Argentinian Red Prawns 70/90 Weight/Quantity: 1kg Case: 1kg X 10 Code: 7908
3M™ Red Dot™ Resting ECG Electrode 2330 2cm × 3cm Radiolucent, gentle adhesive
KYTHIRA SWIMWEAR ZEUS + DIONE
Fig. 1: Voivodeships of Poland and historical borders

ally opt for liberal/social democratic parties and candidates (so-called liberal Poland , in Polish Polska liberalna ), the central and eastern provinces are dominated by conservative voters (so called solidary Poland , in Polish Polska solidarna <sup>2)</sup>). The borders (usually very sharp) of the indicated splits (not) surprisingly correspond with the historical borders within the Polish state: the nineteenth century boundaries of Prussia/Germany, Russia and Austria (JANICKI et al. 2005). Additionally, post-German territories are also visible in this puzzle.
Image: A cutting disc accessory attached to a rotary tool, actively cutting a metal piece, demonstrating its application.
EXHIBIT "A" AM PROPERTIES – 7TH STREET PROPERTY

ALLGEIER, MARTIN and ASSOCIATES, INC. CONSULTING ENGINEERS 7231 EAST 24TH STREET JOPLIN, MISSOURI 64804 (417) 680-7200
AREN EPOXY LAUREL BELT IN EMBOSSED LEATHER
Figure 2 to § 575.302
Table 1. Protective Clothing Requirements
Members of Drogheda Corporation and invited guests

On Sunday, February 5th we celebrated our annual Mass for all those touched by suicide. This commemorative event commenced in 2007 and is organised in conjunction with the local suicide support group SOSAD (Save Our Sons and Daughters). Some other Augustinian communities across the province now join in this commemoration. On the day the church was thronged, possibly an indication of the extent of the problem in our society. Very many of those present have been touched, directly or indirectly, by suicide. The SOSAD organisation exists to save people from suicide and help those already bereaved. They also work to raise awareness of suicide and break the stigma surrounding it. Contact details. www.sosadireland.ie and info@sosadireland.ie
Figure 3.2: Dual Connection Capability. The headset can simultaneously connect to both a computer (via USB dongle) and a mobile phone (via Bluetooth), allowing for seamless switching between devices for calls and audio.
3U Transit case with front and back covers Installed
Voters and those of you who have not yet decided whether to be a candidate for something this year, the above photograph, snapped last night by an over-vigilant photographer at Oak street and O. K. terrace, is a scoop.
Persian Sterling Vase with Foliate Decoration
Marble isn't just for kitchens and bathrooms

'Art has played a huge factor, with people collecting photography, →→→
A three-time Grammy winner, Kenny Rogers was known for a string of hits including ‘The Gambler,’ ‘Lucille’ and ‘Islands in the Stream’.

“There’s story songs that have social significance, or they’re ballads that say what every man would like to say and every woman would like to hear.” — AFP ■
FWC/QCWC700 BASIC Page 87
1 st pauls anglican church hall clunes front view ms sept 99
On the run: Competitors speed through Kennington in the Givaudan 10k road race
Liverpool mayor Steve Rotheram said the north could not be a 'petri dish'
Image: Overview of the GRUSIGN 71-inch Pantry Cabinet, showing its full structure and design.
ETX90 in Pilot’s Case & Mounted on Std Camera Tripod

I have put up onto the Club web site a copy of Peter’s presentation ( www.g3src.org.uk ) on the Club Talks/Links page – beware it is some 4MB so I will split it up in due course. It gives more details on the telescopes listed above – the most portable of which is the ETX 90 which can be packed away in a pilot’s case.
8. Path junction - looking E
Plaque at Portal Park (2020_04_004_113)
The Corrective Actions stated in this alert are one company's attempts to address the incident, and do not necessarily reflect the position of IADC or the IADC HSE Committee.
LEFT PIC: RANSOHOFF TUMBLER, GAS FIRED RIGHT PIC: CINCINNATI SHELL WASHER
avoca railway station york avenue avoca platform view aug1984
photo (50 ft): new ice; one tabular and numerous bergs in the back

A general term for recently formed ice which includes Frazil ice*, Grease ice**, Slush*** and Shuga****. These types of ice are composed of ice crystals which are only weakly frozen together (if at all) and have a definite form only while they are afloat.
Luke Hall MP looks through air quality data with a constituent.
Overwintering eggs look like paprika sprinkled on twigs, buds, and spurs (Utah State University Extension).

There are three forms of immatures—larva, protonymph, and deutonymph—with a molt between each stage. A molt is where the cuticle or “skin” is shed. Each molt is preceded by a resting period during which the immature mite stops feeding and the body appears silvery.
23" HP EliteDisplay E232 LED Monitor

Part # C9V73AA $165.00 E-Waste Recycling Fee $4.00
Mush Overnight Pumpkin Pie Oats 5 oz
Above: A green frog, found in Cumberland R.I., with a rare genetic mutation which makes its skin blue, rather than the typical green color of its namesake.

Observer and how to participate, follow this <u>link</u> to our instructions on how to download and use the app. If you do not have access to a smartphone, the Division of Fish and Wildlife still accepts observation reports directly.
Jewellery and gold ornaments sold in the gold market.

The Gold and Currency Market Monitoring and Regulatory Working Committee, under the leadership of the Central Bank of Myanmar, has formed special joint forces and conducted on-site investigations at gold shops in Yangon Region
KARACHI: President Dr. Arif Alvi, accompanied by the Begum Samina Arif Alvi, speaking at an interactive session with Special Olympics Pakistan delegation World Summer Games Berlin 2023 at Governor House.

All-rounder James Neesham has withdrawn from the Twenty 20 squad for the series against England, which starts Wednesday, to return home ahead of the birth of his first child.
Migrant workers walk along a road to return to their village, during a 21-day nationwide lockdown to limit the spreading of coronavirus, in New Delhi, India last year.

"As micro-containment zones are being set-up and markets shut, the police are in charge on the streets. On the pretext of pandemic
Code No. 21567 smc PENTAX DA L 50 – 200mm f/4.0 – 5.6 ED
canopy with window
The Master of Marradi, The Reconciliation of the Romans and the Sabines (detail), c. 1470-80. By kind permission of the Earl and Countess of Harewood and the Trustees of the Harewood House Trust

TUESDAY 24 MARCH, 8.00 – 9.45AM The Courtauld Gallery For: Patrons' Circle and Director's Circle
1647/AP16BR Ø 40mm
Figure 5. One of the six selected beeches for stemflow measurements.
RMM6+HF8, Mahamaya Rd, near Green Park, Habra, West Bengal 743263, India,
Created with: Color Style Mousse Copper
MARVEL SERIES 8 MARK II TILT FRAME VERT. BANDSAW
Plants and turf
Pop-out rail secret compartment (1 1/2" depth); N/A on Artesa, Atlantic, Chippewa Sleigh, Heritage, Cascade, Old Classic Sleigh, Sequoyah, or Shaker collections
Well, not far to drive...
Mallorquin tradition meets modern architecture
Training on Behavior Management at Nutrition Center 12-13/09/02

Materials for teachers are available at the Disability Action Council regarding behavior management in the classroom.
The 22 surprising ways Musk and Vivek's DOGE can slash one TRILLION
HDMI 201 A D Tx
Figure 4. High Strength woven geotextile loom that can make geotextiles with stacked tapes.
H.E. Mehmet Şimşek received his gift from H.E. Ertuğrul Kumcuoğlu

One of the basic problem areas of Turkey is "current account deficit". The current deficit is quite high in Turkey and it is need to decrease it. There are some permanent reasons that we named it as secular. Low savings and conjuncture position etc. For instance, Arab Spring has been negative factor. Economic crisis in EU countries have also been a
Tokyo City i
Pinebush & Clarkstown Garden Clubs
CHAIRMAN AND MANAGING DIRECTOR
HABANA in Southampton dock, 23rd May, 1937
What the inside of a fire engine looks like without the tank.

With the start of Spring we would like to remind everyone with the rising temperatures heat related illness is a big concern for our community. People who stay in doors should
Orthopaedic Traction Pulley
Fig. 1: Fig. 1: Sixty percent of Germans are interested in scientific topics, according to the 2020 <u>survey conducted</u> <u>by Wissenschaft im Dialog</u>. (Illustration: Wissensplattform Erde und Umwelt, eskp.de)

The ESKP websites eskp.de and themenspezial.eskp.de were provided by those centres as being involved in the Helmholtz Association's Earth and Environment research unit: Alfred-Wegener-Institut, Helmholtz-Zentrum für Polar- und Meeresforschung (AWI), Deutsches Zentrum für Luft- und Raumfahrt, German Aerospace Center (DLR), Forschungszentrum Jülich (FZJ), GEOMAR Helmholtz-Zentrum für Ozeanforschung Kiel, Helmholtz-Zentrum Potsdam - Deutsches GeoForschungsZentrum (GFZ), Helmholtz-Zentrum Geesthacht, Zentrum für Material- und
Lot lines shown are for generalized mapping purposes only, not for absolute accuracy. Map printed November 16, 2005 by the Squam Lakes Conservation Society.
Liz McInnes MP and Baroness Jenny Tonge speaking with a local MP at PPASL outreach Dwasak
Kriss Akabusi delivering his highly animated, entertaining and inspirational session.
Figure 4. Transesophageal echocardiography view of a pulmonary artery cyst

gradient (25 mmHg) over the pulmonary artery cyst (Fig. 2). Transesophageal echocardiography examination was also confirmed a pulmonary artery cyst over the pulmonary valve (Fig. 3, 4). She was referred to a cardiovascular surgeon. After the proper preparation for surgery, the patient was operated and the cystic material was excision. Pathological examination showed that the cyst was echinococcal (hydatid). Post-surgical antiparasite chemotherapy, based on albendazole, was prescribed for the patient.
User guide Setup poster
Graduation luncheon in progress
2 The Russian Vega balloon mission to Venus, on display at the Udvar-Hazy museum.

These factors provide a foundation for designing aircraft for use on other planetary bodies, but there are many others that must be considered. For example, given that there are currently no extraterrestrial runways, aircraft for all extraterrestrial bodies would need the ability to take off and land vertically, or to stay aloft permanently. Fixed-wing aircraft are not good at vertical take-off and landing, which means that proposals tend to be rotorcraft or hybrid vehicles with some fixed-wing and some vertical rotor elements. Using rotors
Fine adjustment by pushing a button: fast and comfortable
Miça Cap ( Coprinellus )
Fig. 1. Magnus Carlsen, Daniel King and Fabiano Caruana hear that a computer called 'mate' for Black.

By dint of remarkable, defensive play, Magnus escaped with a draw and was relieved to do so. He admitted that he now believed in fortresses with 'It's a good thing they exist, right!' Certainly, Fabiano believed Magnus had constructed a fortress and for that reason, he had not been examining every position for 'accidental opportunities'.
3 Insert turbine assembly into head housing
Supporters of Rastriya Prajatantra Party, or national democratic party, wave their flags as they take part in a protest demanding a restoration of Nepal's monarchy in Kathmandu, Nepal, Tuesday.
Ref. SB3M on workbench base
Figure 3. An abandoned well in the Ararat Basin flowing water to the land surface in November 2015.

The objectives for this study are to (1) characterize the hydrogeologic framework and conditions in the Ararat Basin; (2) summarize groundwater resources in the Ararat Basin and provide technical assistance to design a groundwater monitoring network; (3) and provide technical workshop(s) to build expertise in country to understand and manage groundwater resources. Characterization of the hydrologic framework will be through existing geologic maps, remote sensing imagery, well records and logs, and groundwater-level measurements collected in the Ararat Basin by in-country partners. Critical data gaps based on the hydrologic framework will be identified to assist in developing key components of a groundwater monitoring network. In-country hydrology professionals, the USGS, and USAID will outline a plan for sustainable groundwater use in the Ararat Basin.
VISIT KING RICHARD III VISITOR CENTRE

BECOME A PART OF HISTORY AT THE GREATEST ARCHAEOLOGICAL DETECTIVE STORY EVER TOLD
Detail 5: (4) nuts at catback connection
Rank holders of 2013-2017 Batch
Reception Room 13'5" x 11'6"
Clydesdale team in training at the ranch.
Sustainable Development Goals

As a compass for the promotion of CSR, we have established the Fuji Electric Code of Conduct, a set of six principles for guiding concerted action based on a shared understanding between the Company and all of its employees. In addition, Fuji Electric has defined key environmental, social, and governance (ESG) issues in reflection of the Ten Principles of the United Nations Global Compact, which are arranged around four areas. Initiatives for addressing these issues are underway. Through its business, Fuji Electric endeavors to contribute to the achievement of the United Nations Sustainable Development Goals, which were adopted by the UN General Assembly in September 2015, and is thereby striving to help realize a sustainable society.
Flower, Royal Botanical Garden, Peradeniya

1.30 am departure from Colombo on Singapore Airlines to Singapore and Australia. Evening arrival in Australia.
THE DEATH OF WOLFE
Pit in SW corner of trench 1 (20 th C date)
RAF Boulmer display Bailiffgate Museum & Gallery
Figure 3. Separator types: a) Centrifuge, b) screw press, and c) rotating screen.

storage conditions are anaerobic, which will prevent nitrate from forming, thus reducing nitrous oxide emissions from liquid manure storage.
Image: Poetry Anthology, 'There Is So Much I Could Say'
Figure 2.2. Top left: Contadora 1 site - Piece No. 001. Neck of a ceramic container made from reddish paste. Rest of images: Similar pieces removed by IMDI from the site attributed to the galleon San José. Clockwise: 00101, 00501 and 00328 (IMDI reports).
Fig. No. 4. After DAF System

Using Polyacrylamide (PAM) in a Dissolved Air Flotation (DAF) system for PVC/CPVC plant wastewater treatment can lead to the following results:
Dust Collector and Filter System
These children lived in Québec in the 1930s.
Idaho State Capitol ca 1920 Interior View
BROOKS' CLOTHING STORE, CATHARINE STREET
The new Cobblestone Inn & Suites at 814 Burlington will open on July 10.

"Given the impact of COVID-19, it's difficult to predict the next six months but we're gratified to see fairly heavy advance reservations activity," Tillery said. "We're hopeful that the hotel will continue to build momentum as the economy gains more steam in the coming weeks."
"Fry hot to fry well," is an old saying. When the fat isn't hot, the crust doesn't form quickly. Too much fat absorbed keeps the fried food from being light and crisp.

• **WHAT YOU HAVE TO DO**
An exact, complete copy of the lines above from the one with "All-rounder James Neesham" through the one with "H.E. Mehmet Şimşek" is the whole answer.

• **RESPONSE BOX**
All-rounder James Neesham has withdrawn from the Twenty 20 squad for the series against England, which starts Wednesday, to return home ahead of the birth of his first child.
Migrant workers walk along a road to return to their village, during a 21-day nationwide lockdown to limit the spreading of coronavirus, in New Delhi, India last year.

"As micro-containment zones are being set-up and markets shut, the police are in charge on the streets. On the pretext of pandemic
Code No. 21567 smc PENTAX DA L 50 – 200mm f/4.0 – 5.6 ED
canopy with window
The Master of Marradi, The Reconciliation of the Romans and the Sabines (detail), c. 1470-80. By kind permission of the Earl and Countess of Harewood and the Trustees of the Harewood House Trust

TUESDAY 24 MARCH, 8.00 – 9.45AM The Courtauld Gallery For: Patrons' Circle and Director's Circle
1647/AP16BR Ø 40mm
Figure 5. One of the six selected beeches for stemflow measurements.
RMM6+HF8, Mahamaya Rd, near Green Park, Habra, West Bengal 743263, India,
Created with: Color Style Mousse Copper
MARVEL SERIES 8 MARK II TILT FRAME VERT. BANDSAW
Plants and turf
Pop-out rail secret compartment (1 1/2" depth); N/A on Artesa, Atlantic, Chippewa Sleigh, Heritage, Cascade, Old Classic Sleigh, Sequoyah, or Shaker collections
Well, not far to drive...
Mallorquin tradition meets modern architecture
Training on Behavior Management at Nutrition Center 12-13/09/02

Materials for teachers are available at the Disability Action Council regarding behavior management in the classroom.
The 22 surprising ways Musk and Vivek's DOGE can slash one TRILLION
HDMI 201 A D Tx
Figure 4. High Strength woven geotextile loom that can make geotextiles with stacked tapes.
H.E. Mehmet Şimşek received his gift from H.E. Ertuğrul Kumcuoğlu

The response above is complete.